Like so many other siblings, adulthood has, regretfully, splintered my brother, sister, and I through physical distance and personal obligations for many years now. While I am by no means advocating for giftless family gatherings at Christmas, ours was exactly what we needed and wanted it to be, the “reason for the season” every bit as present with us as with other families of faith. We are rarely afforded the pleasure of each other’s company any longer and recognized that most precious and fleeting of gifts — time — is the best of anything we could offer one another. No need to spend money on an item destined to be forgotten on a dusty shelf or dark closet.

Prior to leaving, albeit reluctantly, my sister-in-law offered to capture a rare photo of the three of us together once more. The last time a camera caught us assembled was nearly two years previous, so we needed no persuading. Opening the photo forwarded to each of us, I glanced at it and realized — I had received this year many incredibly thoughtful gifts, all of which I appreciate. This simple, easy picture, however, I found myself valuing more than anything else I had received. It was, in essence, the final gift for an eventful year, our posture and posing signifying that at the end of it all, here we are, still standing, still smiling, and memorializing our connection, which is infinitely more important than circumstances or stuff.
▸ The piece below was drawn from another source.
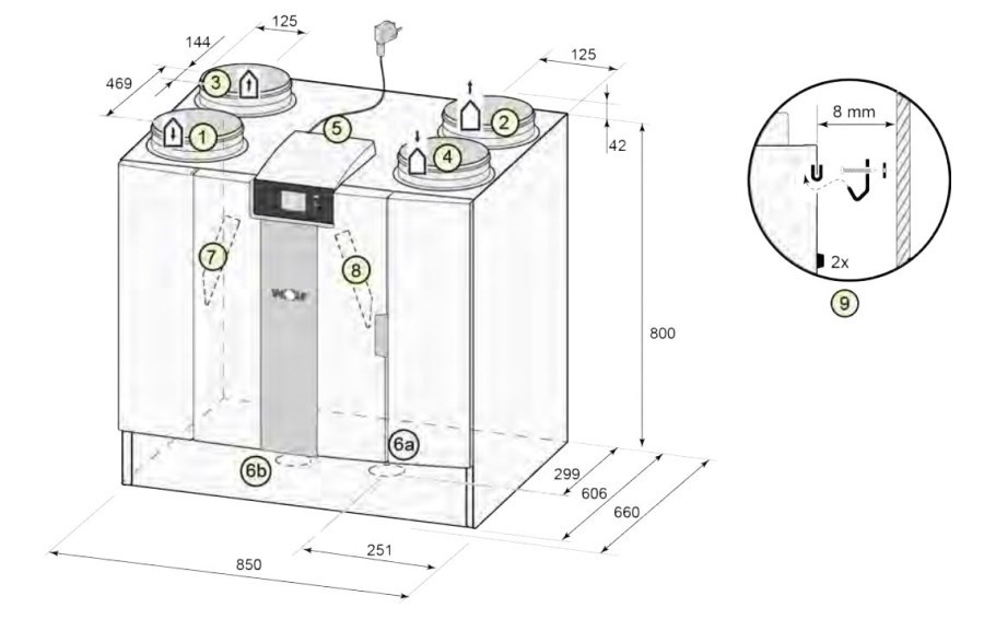- vybavená vysoce účinným plastovým křížovým protiproudým výměníkem tepla a EC ventilátory

While a picture may indeed be worth a thousand words, not all pictures are identical in worth. The heaviest of catalogs, filled merely with pictures of things, scarcely register on the scale against the ponderous value of a single photo reminding us who, not what, is most important. I hope that my own children will find reason to cherish a similar perspective 30 years from now, however technology allows them to preserve their moment. Only time, the most precious of commodities, will tell.